For a chapter on the Central Limit Theorem; I have a Uniform Distribution problem were a & b are not given. Only the average, standard deviation, and sample size are given. How do you find a & b?
What do a and b stand for?
Find the standard deviation for the given sample data. Round your answer to one more decimal place than is present in the original data.

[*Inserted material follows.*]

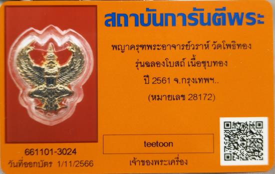 เคาะแรกแดง+ พญาครุฑ พระอาจารย์วราห์ วัดโพธิทอง รุ่นฉลองโบสถ์ เนื้อชุบทอง ปี2561 |

19, 6, 19, 15, 14, 5, 18, 15, 13
To find the values of a and b in a uniform distribution problem, where only the average, standard deviation, and sample size are given, you can follow these steps:
1. Recall the formula for the average (μ) and standard deviation (σ) of a uniform distribution with parameters a and b:
- Average (μ) = (a + b) / 2
- Standard deviation (σ) = (b - a) / √12
2. Since you are given the average and standard deviation, you can use these equations to set up a system of equations to solve for a and b.
3. Substitute the given values into the equations:
- Average (μ) = (a + b) / 2
- Standard deviation (σ) = (b - a) / √12
4. Rearrange the equations to isolate a and b:
- 2μ = a + b
- √12σ = b - a
5. Solve the system of equations using the given values:
- Substitute the given values for average (μ) and standard deviation (σ):
- 2(μ) = a + b
- √12(σ) = b - a
6. You now have two equations in two variables (a and b). You can solve these equations simultaneously to find the values of a and b.
7. Once you find the values of a and b, you can use them to complete the problem and analyze the uniform distribution.
Remember, the Central Limit Theorem explains the behavior of the mean of a sample as the sample size increases, regardless of the shape of the original distribution. The steps above help you find the values of a and b for a specific uniform distribution problem.